**WHAT YOU HAVE TO DO:** In the records below, the relevant part opens with the line containing "ロシア最後の皇帝ニコライ2世" and closes with the line containing "Due to the sharp"; print that part exactly and only, without its pictures.

**MATERIAL FOR THIS TASK:**

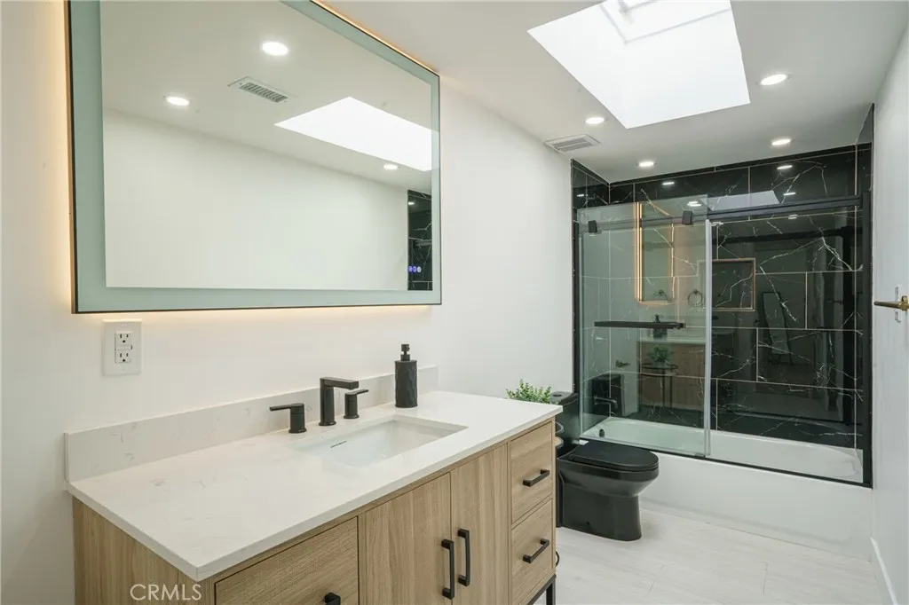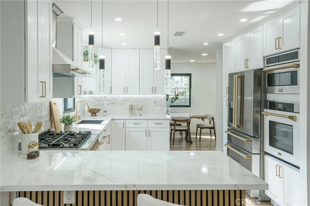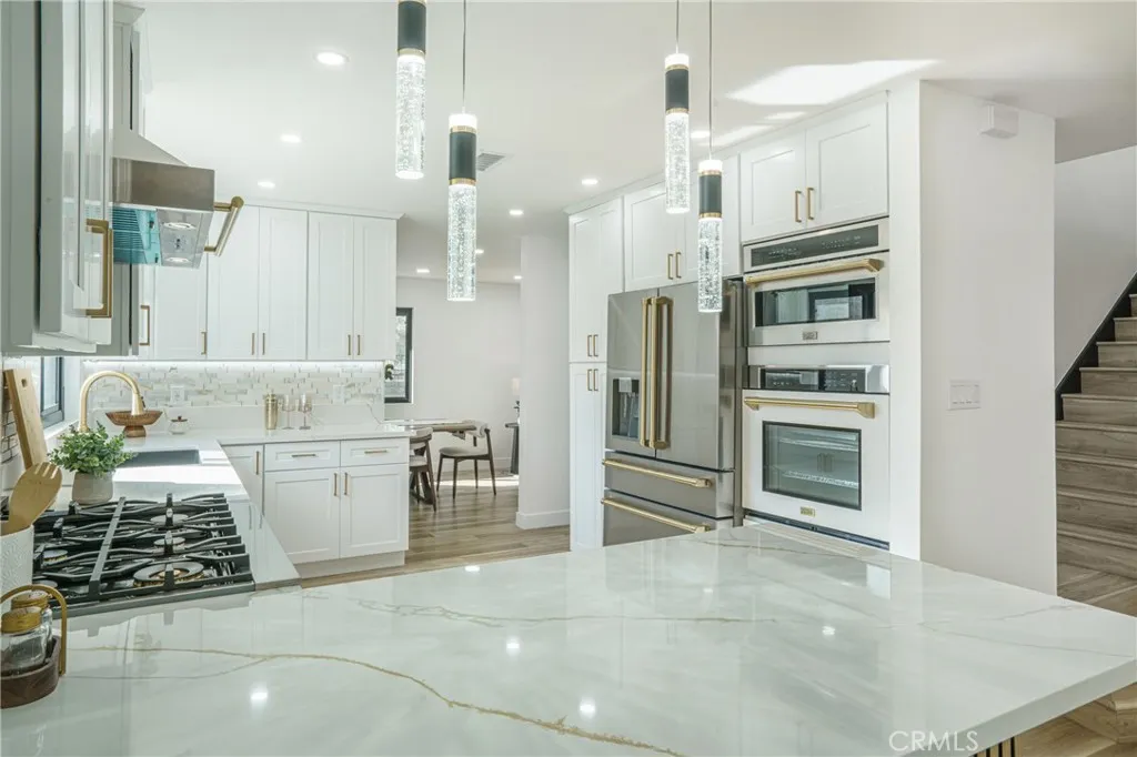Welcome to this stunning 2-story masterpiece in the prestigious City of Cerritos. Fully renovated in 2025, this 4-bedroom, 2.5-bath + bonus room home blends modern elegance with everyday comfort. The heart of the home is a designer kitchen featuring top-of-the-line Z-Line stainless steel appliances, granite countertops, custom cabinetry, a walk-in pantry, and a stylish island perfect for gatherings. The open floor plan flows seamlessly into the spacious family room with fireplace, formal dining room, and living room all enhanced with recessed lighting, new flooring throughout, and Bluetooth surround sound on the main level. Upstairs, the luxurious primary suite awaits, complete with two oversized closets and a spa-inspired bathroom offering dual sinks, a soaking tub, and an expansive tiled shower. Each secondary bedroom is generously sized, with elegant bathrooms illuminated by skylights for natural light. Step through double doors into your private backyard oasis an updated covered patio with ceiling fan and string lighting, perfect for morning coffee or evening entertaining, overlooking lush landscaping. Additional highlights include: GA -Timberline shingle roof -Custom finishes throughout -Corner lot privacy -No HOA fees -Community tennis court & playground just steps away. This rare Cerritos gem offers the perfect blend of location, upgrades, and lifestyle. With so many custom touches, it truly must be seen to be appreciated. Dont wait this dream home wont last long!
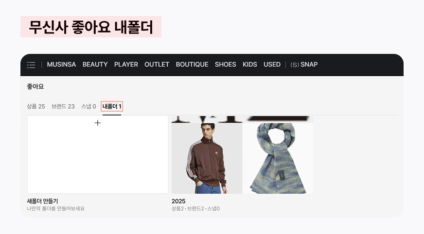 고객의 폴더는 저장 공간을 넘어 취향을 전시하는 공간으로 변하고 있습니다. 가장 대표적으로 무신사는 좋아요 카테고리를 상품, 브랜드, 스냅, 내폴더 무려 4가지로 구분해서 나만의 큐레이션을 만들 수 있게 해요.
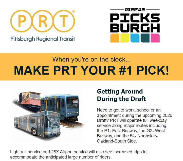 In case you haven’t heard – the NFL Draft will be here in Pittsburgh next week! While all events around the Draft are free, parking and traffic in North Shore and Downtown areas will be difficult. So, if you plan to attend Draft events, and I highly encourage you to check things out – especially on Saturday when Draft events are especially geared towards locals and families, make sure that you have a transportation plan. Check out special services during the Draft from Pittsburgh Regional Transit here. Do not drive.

* * *

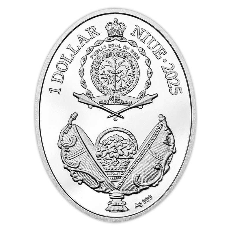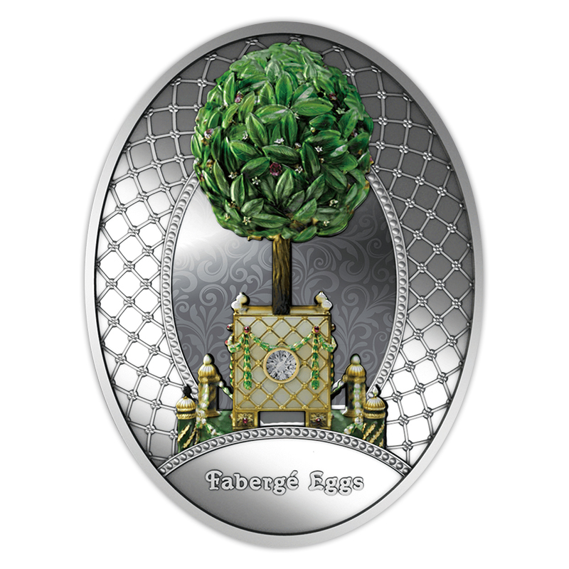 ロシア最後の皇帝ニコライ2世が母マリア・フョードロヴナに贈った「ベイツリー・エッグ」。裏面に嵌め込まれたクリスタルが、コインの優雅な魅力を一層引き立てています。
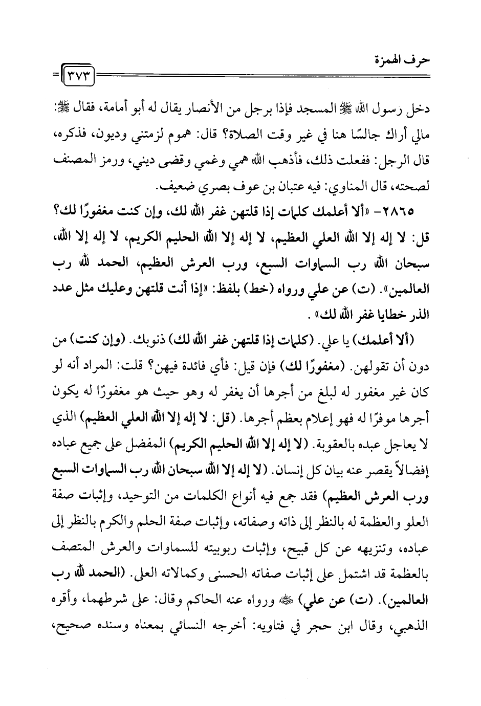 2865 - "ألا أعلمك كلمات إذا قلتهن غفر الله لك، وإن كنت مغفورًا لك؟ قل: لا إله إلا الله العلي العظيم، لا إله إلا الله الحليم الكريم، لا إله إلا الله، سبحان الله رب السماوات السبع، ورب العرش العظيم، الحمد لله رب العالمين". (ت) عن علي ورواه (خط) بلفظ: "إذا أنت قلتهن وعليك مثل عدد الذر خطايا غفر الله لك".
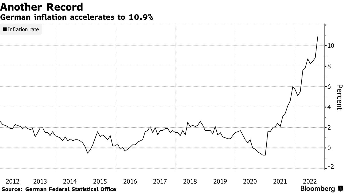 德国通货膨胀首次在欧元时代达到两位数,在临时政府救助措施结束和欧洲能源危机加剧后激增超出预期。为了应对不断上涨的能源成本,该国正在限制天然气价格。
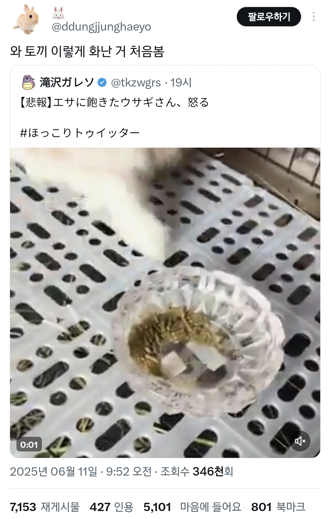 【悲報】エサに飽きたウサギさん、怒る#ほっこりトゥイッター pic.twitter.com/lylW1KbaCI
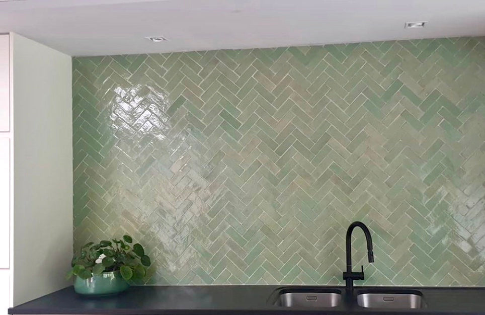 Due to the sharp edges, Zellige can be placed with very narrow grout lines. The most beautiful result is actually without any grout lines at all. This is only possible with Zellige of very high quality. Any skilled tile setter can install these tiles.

---

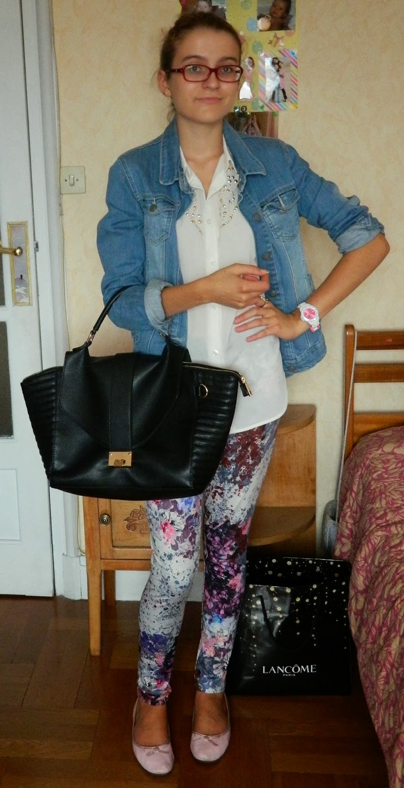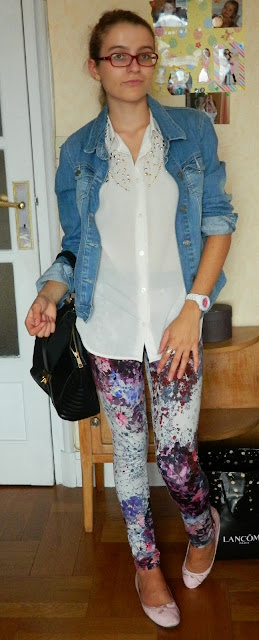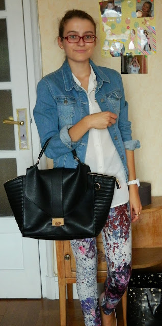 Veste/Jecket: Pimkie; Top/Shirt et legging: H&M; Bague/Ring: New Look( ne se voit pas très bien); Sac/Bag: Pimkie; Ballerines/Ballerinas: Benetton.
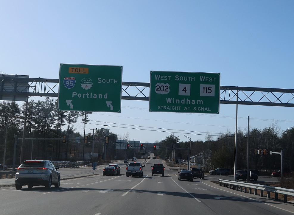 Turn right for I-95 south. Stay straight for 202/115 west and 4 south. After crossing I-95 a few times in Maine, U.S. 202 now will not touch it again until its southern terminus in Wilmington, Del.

**OUTPUT BELOW:**
 ロシア最後の皇帝ニコライ2世が母マリア・フョードロヴナに贈った「ベイツリー・エッグ」。裏面に嵌め込まれたクリスタルが、コインの優雅な魅力を一層引き立てています。
 2865 - "ألا أعلمك كلمات إذا قلتهن غفر الله لك، وإن كنت مغفورًا لك؟ قل: لا إله إلا الله العلي العظيم، لا إله إلا الله الحليم الكريم، لا إله إلا الله، سبحان الله رب السماوات السبع، ورب العرش العظيم، الحمد لله رب العالمين". (ت) عن علي ورواه (خط) بلفظ: "إذا أنت قلتهن وعليك مثل عدد الذر خطايا غفر الله لك".
 德国通货膨胀首次在欧元时代达到两位数,在临时政府救助措施结束和欧洲能源危机加剧后激增超出预期。为了应对不断上涨的能源成本,该国正在限制天然气价格。
 【悲報】エサに飽きたウサギさん、怒る#ほっこりトゥイッター pic.twitter.com/lylW1KbaCI
 Due to the sharp edges, Zellige can be placed with very narrow grout lines. The most beautiful result is actually without any grout lines at all. This is only possible with Zellige of very high quality. Any skilled tile setter can install these tiles.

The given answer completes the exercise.